The Collaborative model utilizes a team approach consisting of two collaboratively trained attorneys (one for each party) as well as other neutral professionals as the parties deem appropriate. The neutral professionals may include divorce coach(es), a child specialist and/or a financial neutral. The team approach is the hallmark of the collaborative process, with each team member having distinct roles as follows:
Pursuant to the Uniform Collaborative Law Act passed in 2017 in Illinois and Supreme Court Rule 294 which supports the Collaborative process and dictates what a collaborative lawyer can and cannot do, the parties must sign what is termed a Participation Agreement (“PA”). The PA sets forth the Collaborative ground rules which includes full disclosure of all relevant and necessary information needed to complete the divorce process as well as a disqualification provision. The disqualification provision states that if the collaborative process breaks down and no agreement is reached, all of the professionals must be discharged. The parties are required to retain new counsel and new experts when they proceed in litigation. The work product generated in the collaborative process is also prohibited from being utilized in litigation, which is the lynchpin of the process. By eliminating the option of going to court, the parties are incentivized to resolve issues in the process and allows everyone to focus on the goals and interest of the parties rather than taking extreme positions and eventually finding a middle ground three years later.
What is Mediation?
Mediation is when two parties employ a neutral professional (usually an attorney, but not always) to facilitate communication and negotiation directly between the parties. A mediator does not offer legal advice and does not need to be “convinced” of either party’s position. A mediator’s role is not to make any decisions, but rather to facilitate communications between the parties, which will hopefully lead to an agreement. Mediation can either be between the parties only, or counsel can also be present with their clients under an attorney-assisted mediation model. If attorney-assisted mediation is utilized, the attorneys’ role is to advise his or her client as to the law with respect to the negotiations and to assist in the problem-solving process to include offers and counteroffers in the process.
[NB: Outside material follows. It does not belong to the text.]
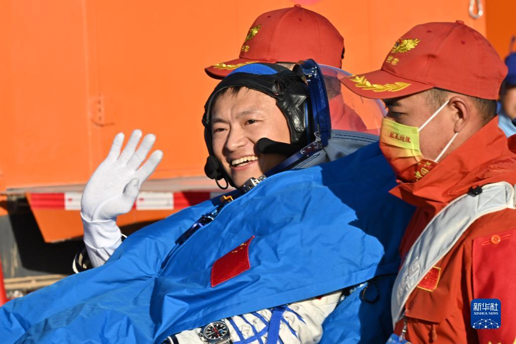 10月31日,神舟十六號載人飛船返回艙在東風(fēng)著(zhù)陸場(chǎng)成功著(zhù)陸。這是航天員桂海潮安全順利出艙。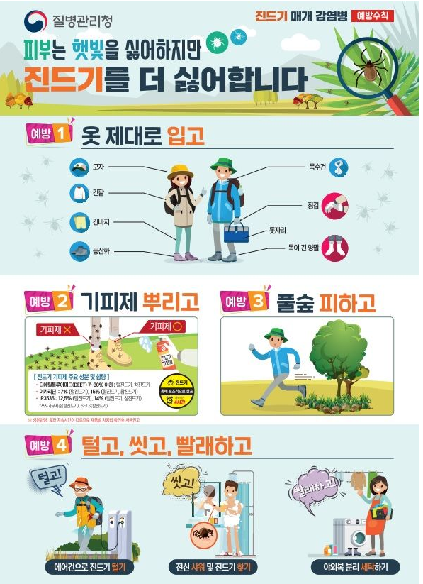 진드기 매개 감염병 예방을 위한 수칙으로 ‘풀밭, 수풀에서 긴 소매, 긴 바지 착용하기’, ‘외출 후에는 즉시 옷을 세탁하고 샤워하기’, ‘야외에서 사용한 돗자리, 작업복 등은 바로 세탁하기’, 등이며, 야외활동 후 고열, 설사, 구토 등 증상이 나타날 경우 즉시 의료기관 방문을 당부했다.

Mediation is private and if an agreement is reached, the mediator will put together what is called a memorandum of understanding (“MOU”). An MOU is then utilized by the attorneys to draft the financial and/or parenting agreements reached.
Unlike the Collaborative process, which is typically a decision made at the onset of moving forward with a divorce, mediation can occur at any time including before, during and even after a trial. Sometimes mediation is utilized to address some of the issues rather than all of them as well. As such, it is a very versatile way to resolve disputes.
Which is Right for You and Your Spouse?
ADR process options have seen a surge in popularity - particularly in family law cases - due to confidentiality, cost-effectiveness, and efficiency. While there are several differences between a Collaborative Divorce and Mediation, both processes focus on problem-solving under a needs and interests based approach rather than traditional positional bargaining. Whether you and your spouse decide to use Collaboration or Mediation, attempting to resolve the divorce outside of the courtroom may be one of the best decisions you could ever make.